This year’s international landscape workshop LandWorks was held among the ruins and abandoned spaces of a military base on the island of Caprera. Now in its third year, the project is driven and promoted by the local authorities, including the Ente Parco, Comune della Maddalena, Regione Sardegna and Ente Foreste, with the aim of inspiring ideas for new uses and the conversion of these abandoned locations.
Although recently much used and abused on the Venetian university scene, the expression “theatres of war” does seem to fit this year’s workshop, plunged into what remains of a now-dormant military life. Set against the backdrop of a marine landscape that is all too popular for its beautiful coastlines (it is, after all, the Maddalena Archipelago), it remains dotted with the powerful signs of attack and defence structures linked to a totally different philosophy.
This changing context calls for the projection of a different future awareness of the Mediterranean landscape, one that previously had its own “theatre”, triangulations and places of refuge, and one that impressed its own mentality and laws on the social framework of the local communities. Today, what remains are crumbling constructions, stones, rubble and iron worn away by the sea salt, all mixed with intensely fragrant vegetation, the erosive action of the ever-present and relentless wind and a hugely inviting sea.
It started with a piece of woollen cloth, a long blanket on which red thread was employed to tell a story in homage to Maria Lai, an artist who died recently, and express the roots of this land.
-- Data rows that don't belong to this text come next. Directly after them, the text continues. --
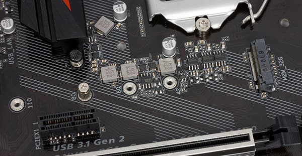 Разъем M.2 предназначен для установки SSD-накопителей. Разъем реализован через чипсет и поддерживает накопители типоразмера 2242/2260/2280/22110 с интерфейсом PCIe 3.0 x4 и SATA.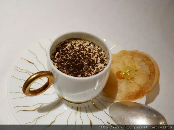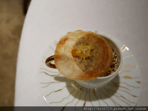 吃起來像甜點的開胃菜,要將馬鈴薯片搗碎一起混入享用,有點像咖啡酒布丁軟滑香甜的口感,原來是加了Espresso與來自義大利西西里島的瑪薩拉酒(Marsala wine),瑪薩拉酒本身有種強烈厚實的甜,這道開胃菜特殊又別緻,又有酒香與淡淡隱藏在其中的鴨肝獨有味,我超愛,前兩道開胃小菜就讓我整個上天堂,開始期待接下來會端出怎樣讓人驚訝的美食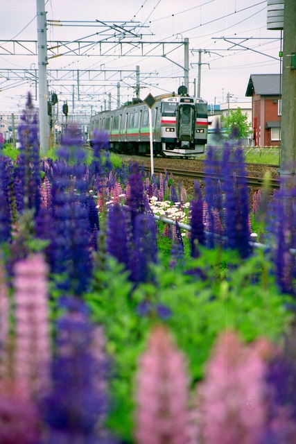 今日はレンズを望遠から準広角に持ち替えて撮影しました。線路際手前のルピナス畑もピークをむかえ、原色先頭のDDとイイ感じでコラボしていると思います。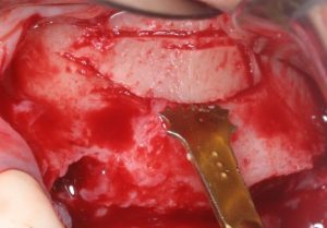 FIGURE 1. A  piezoelectric  saw   (S-Saw;  Bukboo  Dental  Co, Daegu, Korea),  connected to a piezoelectric device  (Surgybone; Silfradent Srl, Sofia, Italy), was used to create the lateral window of the maxillary sinus in all cases  (patient 4)

Red embroidery on the walls of an abandoned fort narrates a story in many languages, a meditation on the landscape that adopted needle and thread rather than rake and spade but which still successfully forged a link between the history of a land and the landscapes that are its tangible expression. Sue Anne Ware and Gabriella Trovato had the job of guiding this group of landscape embroiderers.
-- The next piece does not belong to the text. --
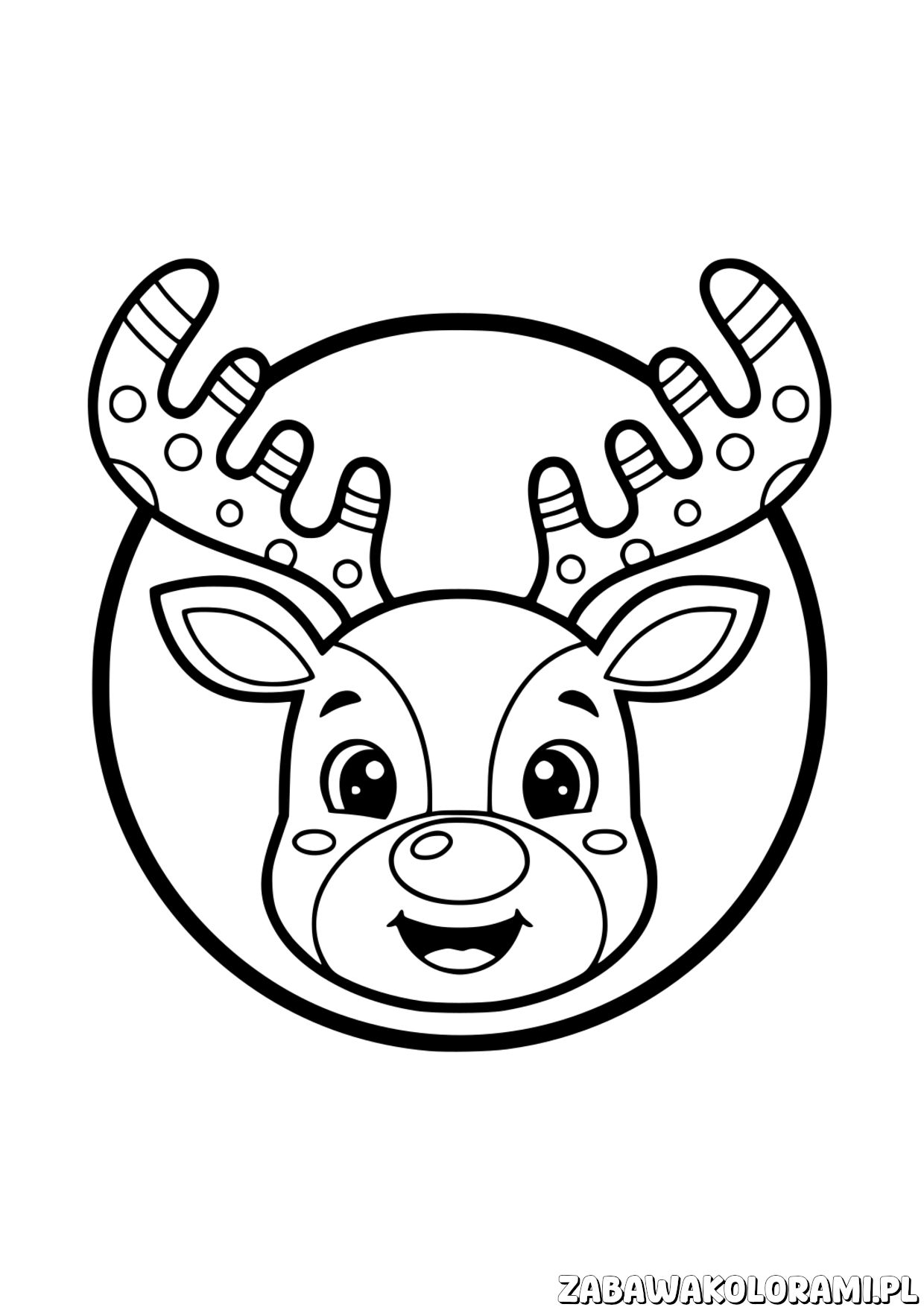 Kolorowanki Renifery do druku - kolorowanka z reniferką o uśmiechniętej twarzy.

In different ways and in a dune habitat, the group coordinated by Carlo Scoccianti produced a work that reflects on the interaction between humans and natural processes.
Punta Rossa, a narrow strip of rock covered with the installations of the abandoned military base, became a rich microcosm in a composite and narrative work placed here by the group led by Craig Verzone. Crossing the back of this petrified cetacean, strewn with the trenches and platforms of cannons that are no more, you come across 18 installations that describe the many ways people can coexist with these ruins and discover languages that unveil their presence on the landscape.
Deserted houses and stores on the water’s edge were brought to life by expressive figures created by Roberto Zancan’s group, intimate apparitions that appear suddenly along the way of those lost in the blinding light of the outdoor spaces. It is the wind that fills the sails arranged on the quay and moves tiny white ribbons hanging from a mesh of taut threads.
The Landworks Sardinia 2013 workshop was led by a technical committee composed of Stefan Tischer and Annacaterina Piras, in collaboration with DADU-Università di Sassari and the Master in Mediterranean Landscape Urbanism.